§ **TASK STATEMENT**: From the data below, return only the lines from the one with "因為海膽相當的美味,所以又點" through the one with "anul școlar 2014-2015.", exact and inclusive, with pictures left out.

§ **GIVEN INFORMATION**:
"""

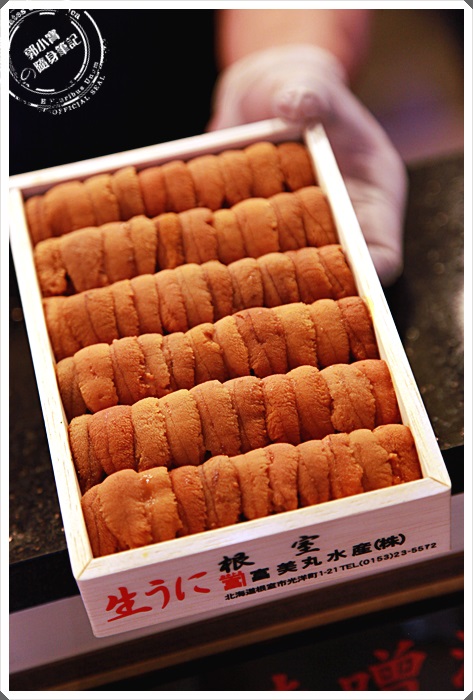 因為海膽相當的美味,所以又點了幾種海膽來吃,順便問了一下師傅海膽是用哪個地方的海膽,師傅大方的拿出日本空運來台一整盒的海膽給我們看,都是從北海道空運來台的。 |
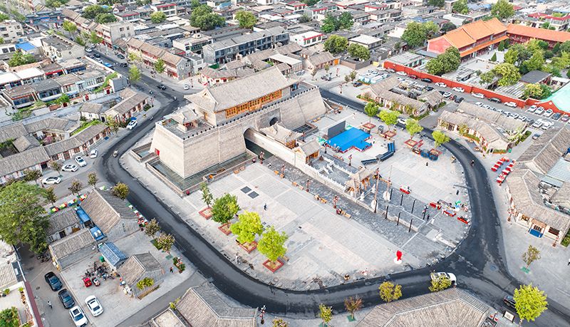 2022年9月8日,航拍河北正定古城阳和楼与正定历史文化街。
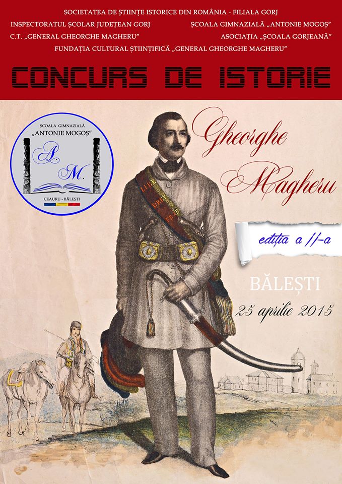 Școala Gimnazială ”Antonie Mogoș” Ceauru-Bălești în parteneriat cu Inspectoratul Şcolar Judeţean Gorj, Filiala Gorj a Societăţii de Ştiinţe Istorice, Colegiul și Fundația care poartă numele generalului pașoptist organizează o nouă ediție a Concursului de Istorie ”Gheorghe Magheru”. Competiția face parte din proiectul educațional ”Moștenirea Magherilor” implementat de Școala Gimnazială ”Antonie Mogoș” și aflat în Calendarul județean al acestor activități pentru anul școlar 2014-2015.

"""
"""

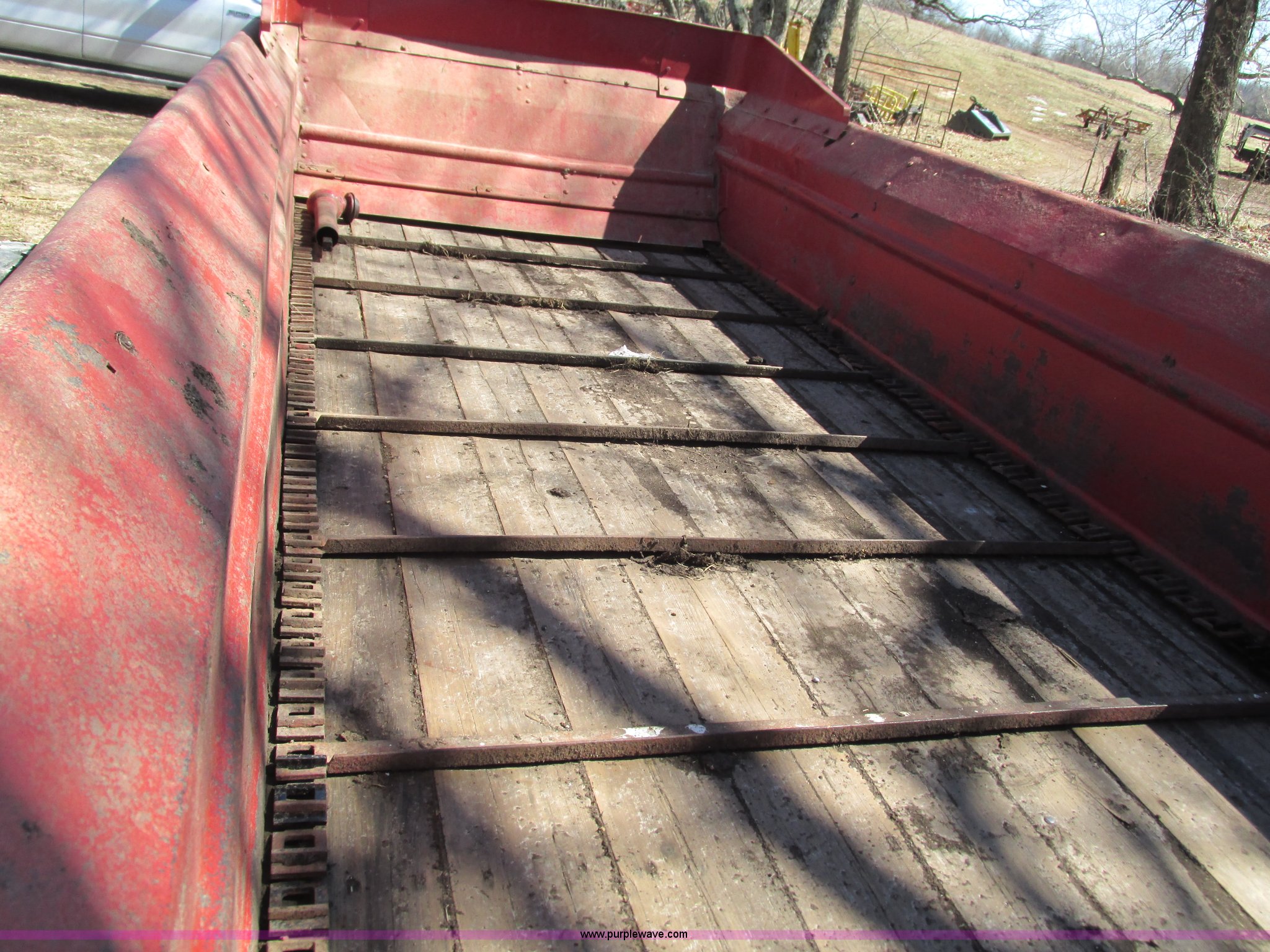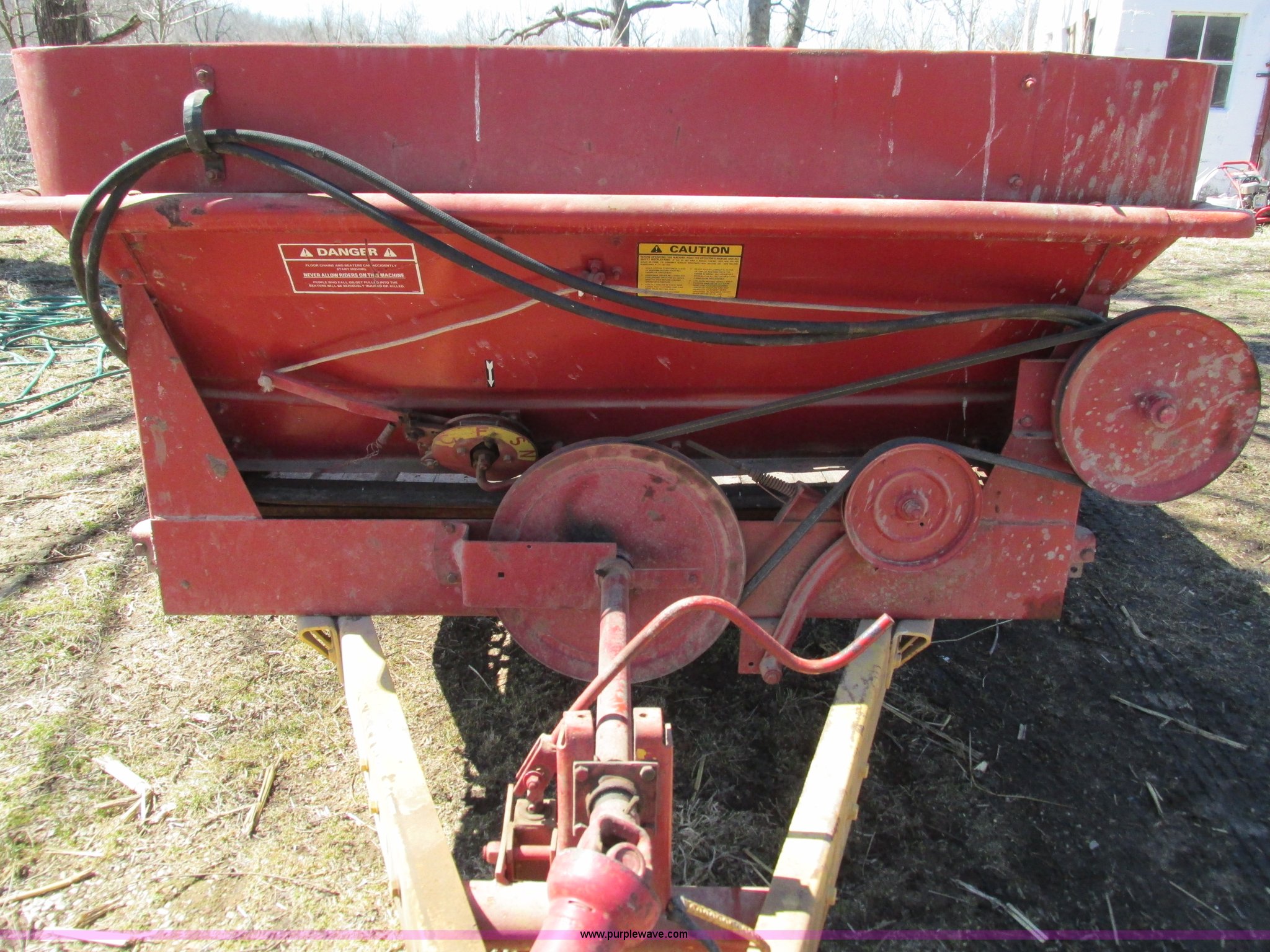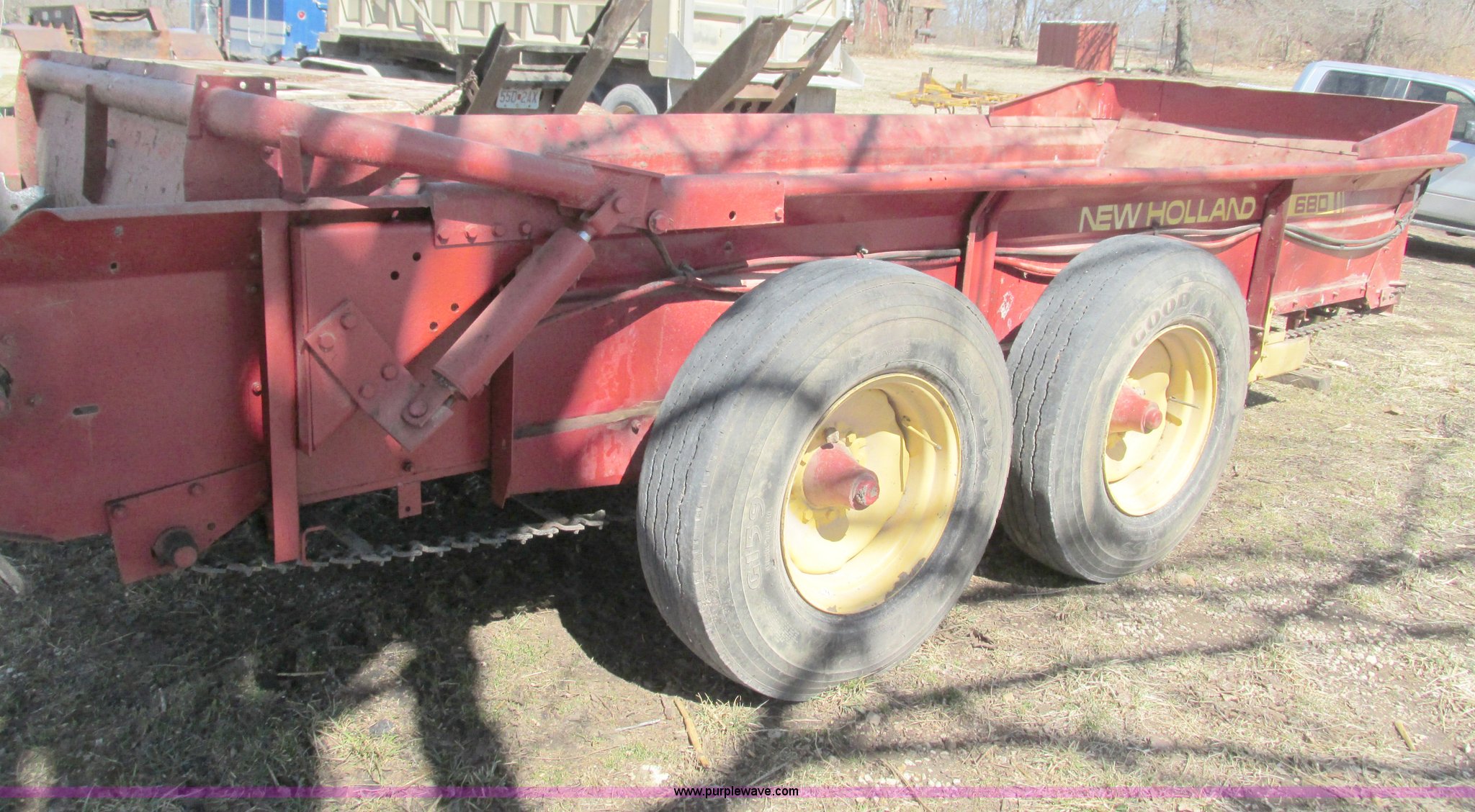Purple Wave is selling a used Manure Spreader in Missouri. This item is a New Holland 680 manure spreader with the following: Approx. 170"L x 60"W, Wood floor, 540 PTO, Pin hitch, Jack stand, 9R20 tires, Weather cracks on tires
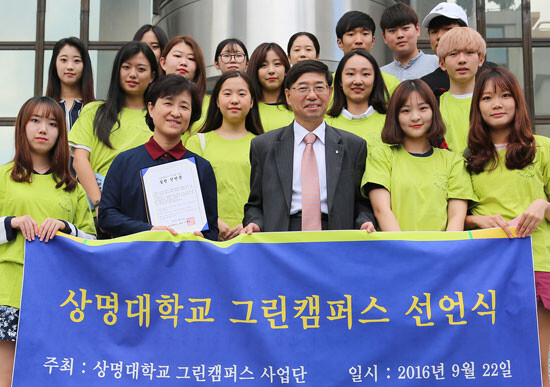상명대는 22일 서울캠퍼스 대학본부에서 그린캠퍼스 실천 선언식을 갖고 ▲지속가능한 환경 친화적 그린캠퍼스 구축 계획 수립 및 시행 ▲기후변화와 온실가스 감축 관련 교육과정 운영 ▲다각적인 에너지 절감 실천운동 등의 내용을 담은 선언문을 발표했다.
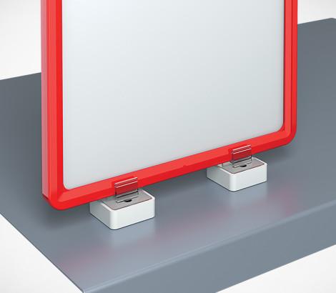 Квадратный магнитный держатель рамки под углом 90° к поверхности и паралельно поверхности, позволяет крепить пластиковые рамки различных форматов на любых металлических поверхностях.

"""

§ **ANSWER SPACE**:
 因為海膽相當的美味,所以又點了幾種海膽來吃,順便問了一下師傅海膽是用哪個地方的海膽,師傅大方的拿出日本空運來台一整盒的海膽給我們看,都是從北海道空運來台的。 |
 2022年9月8日,航拍河北正定古城阳和楼与正定历史文化街。
 Școala Gimnazială ”Antonie Mogoș” Ceauru-Bălești în parteneriat cu Inspectoratul Şcolar Judeţean Gorj, Filiala Gorj a Societăţii de Ştiinţe Istorice, Colegiul și Fundația care poartă numele generalului pașoptist organizează o nouă ediție a Concursului de Istorie ”Gheorghe Magheru”. Competiția face parte din proiectul educațional ”Moștenirea Magherilor” implementat de Școala Gimnazială ”Antonie Mogoș” și aflat în Calendarul județean al acestor activități pentru anul școlar 2014-2015.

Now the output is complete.